The impact of cohort study design on modelling change in an outcome: a simulation study

Howe, Laura

INTRODUCTION: Cohort studies generally collect repeated measurements of participant characteristics, facilitating research into the life course development of health and disease. We explored the impact of alternative data collection schedules on the ability to analyse repeated measures data, e.g. is it preferable to have balanced or unbalanced data, the same number of measurements for all participants or a subset with very detailed data and the rest with less intensive data collection?

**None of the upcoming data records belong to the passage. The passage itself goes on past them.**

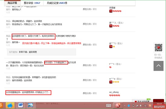 (來源于雙11當天網友評論)
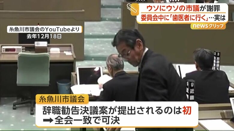 市議が「歯医者に行く」と忘年会へ 発覚後の聴取や支援者にも…
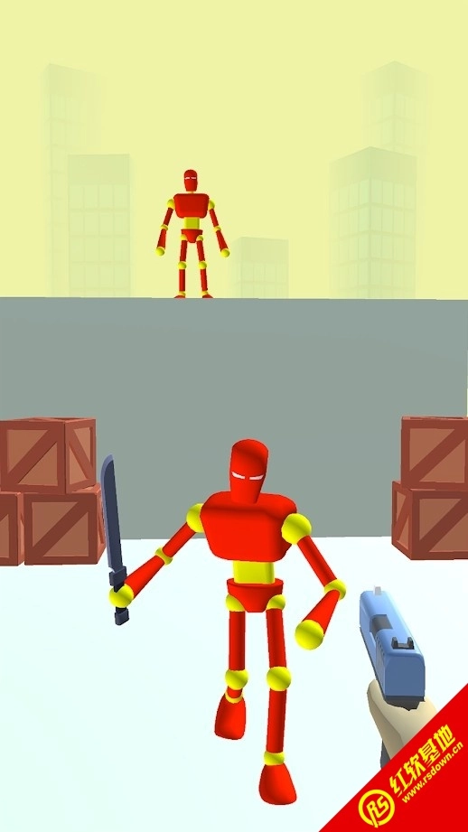 游戏中有许多物品可以用来攻击机器人。选择最方便的武器,一击即可消灭敌人。
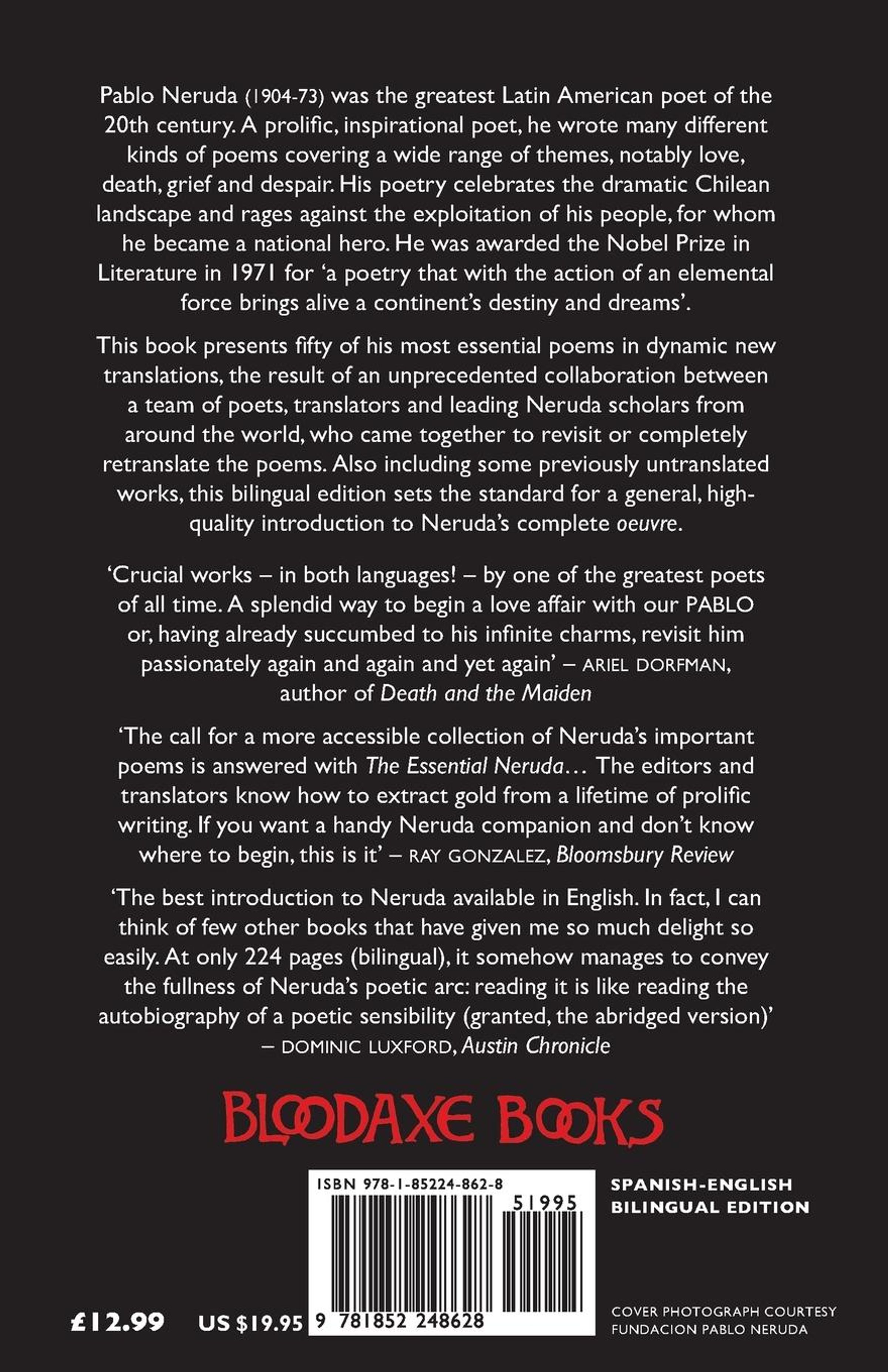 Pablo Neruda (1904-73) was the greatest Latin American poet of the 20th century. A prolific, inspirational poet, he wrote many different kinds of poems covering a wide range of themes, notably love, death, grief and despair. His poetry celebrates the dramatic Chilean landscape and rages against the exploitation of his people, for whom he became a national hero. He was awarded the Nobel Prize in Literature in 1971 for 'a poetry that with the action of an elemental force brings alive a continent's destiny and dreams'. This book presents fifty of his most essential poems in dynamic new translations, the result of an unprecedented collaboration between a team of poets, translators and leading Neruda scholars who came together to revisit or completely retranslate the poems. Also including some previously untranslated works, this bilingual edition sets the standard for a general, high-quality introduction to Neruda's complete oeuvre. The Essential Neruda includes translations by Mark Eisner, John Felstiner, Forrest Gander, Robert Hass, Jack Hirschman, Stephen Kessler, Stephen Mitchell and Alastair Reid, with an introduction by Mark Eisner

METHODS: We simulate data according to linear, curvilinear and U-shaped functions, using observed cohort data to select realistic model parameters and fractional polynomials to model curves. After simulating 1,000 datasets for 1,000 participants with data at frequent intervals, we draw from these datasets to mimic several study designs, assessing bias and residual variance.

RESULTS: For a linear model, most study designs (e.g. 3 balanced or unbalanced measures, 5 or 10% of participants with frequent measures and 2 or 3 measures per person for the remainder) were unbiased with respect to fixed effects, random effects and correlations between random effects. Three measures per person should be necessary for this linear model, but our results suggest that using unbalanced data means it is possible to fit a random-slopes model with 2 measures per person, although the residual variance is underestimated. Having a small proportion of the cohort with frequent follow-up and the remainder with only a few measurements appeared to be a suitable strategy when modelling a linear process, but for curvilinear and U-shaped models this appeared problematic.

CONCLUSIONS: Our results imply that a random-slopes linear model can be estimated with just 2 unbalanced measures per person if the main interest lies with the fixed effects; this has implications for the cost-effectiveness of cohort study designs and the use of routine data in longitudinal studies, where unbalanced data is likely.